FOUNDING CHAIRMAN - STUART BRADBURY 1945-2020

Alan Wigmore

To talk about Alan Wigmore is to talk about the National Drag Racing Club.

In the late 1960s, a year or two after the formation of the British Drag Racing and Hot Rod Association, the original club at Santa Pod, a group of racers and marshals began to worry about the direction which the club seemed to be taking at the time. The sort of thing desired was not radical – better marshalling facilities, more transparency about club finances, a shorter period of office for officials and better PR for the sport. They formed a club within the BDR&HRA called the Drag Control & Timing Association. Following a series of meetings of the fifty-strong group at unusual locations such as the Jones Paper Mill in St Neots the group had made a tentative approach to the RAC to ask to gain racing recognition. While this was being granted, the group tried to air their grievances at the 1969 BDR & HRA Annual General Meeting but failed to elicit change and on 24 October 1969 the NDRC was formed with Alan Wigmore as Chairman. It became an independent organisation after the hundred members braved heavy snows and a flu epidemic to attend a meeting at the Matrix works in Coventry.

The first big challenge to the NDRC came when the RAC as governing body of British motorsport announced they were no longer allowing the word National in club titles. This came just as the NDRC had taken delivery of its letterhead and signage at a cost of £200. Although the Club appealed and won a dispensation to call itself National it had to commit itself to be a truly national club and run meetings at as many venues around the country as possible.
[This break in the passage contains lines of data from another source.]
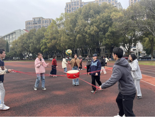 活动伊始,主持人以团辅游戏—“爱的抱抱”和“同心鼓”瞬间拉近了同学们之间的距离。在“同心鼓”游戏中,队员们相互配合、齐心协力将球颠起,在竞技中展现团队力量,在趣味中“鼓”出比赛的精彩。
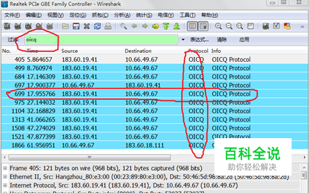 输入oicq进行筛选(oicq就是QQ的意思) 可以看出源地址是183.60.19.41;目标地址是10.66.49.67。
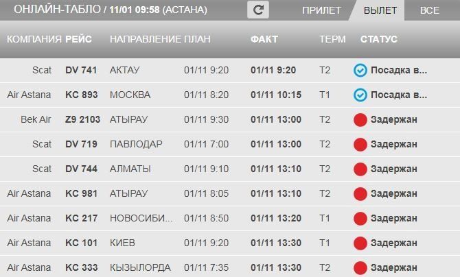 "Международный аэропорт Нурсултан Назарбаев города Астаны в целях обеспечения безопасности полетов по причине метеоусловий закрыт, предварительно до 13:00. Пассажирам рекомендуется уточнять информацию по своим рейсам в колл-центрах авиакомпаний", — говорится в сообщении комитета в соцсети.
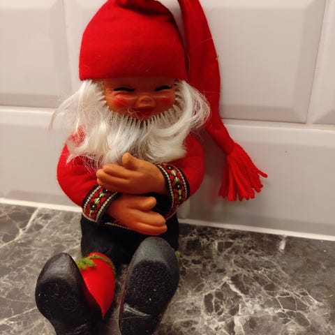 Ca 30cm høy. Ingen skader. Litt slitasje på klær.
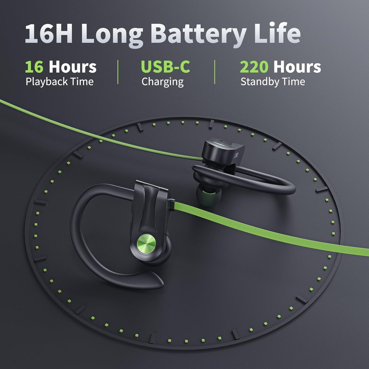 Long-lasting 16-hour Battery Life: With a durable and long-lasting battery, these wireless headphones can provide up to 16 hours of continuous music playback. This means that your can enjoy their favorite tunes or make important calls without worrying about running out of battery during your workout sessions. (Note: Please use the charging cable provided on the package)
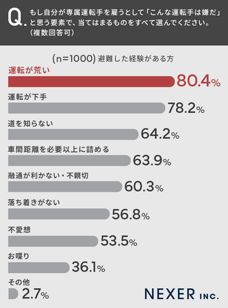 株式会社NEXER・「こんな運転手は嫌だと思う運転手」に関する調査
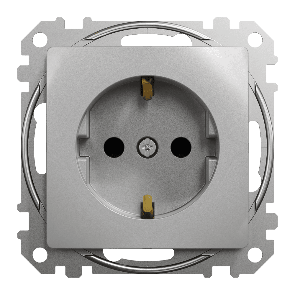 Розетка с заземлением и со шторками Алюминий Sedna Design Schneider Electric SDD113022
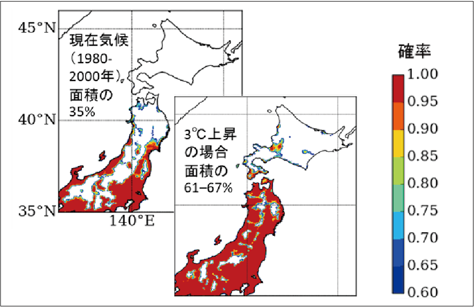 気候変動による気温の上昇が、竹林(モウソウチクとマダケ)の生息適地に変化を及ぼしている。
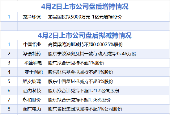 4月2日增减持汇总:中国铝业等8家公司拟减持 龙净环保增持(表)
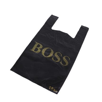 Bags with handles 300+180x550mm, 20µm, black with "BOSS" print, HDPE, in packs of 100.

After a couple of meetings at Santa Pod in 1970 an inaugural meeting at Blackbushe was run with help from the Santa Pod crew. The first truly independent meeting was at Martlesham Heath in Suffolk where on a summer’s day virtually every mobile Suffolk Police Unit was called out to police the 8,000 strong crowd along the country lanes.

In the early 1970s venues included Fulbeck near Newark in Nottingham; Dunkefwell in Devon; North Luffenham near Leicester and Elvington in the North Riding as it was called then. The Club co-promoted events at RAF Wroughton near Swindon and successful on-tour meets to venues like Silverstone, Snetterton, and, of course Blackbushe.

As well as leading the NDRC, Alan was the voice of drag racing at NDRC events in the 1970s and 1980s and, at the start of his career, a driver. His career as a racer was quite short but colourful. He drove the Itzaviva altered which was based on a Vauxhall Viva powered by a 288 cubic inch Chevy engine and ran in the elevens at 120 mph. This car was unfortunately written off in a racing accident at the 1971 August Bank Holiday International meeting, rolling five times at 120 mph, shearing off a wheel, shifting the motor in its mounts, and after getting out merely bruised Alan confined his energies to NDRC organisation. The Viva was painted by Alan’s father who ran Pop’s Paints in Stanmore, N. London. In an early instance of a passenger ride Alan once took Geof Hauser for a ride in this car at RAF North Luffenham.

In the late 1970s Alan spearheaded the NDRC’s hunt for a permanent track for its racing activities. Many of the on-tour venues were unsuitable for regular drag racing events, with other uses potentially clashing with racing; a new venue at Radlett near Watford ran into planning difficulties. At this stage Long Marston came into play having been used for eighth-mile races by the NDRC Midlands division since 1975. Alan entered into negotiations with the owners and by late 1979 an agreement was reached to refurbish the track and open it for quarter-mile action, which happened in May 1980 after months of hard work.

He died in November 1998 five months short of his sixtieth birthday having devoted his life to the sport he loved.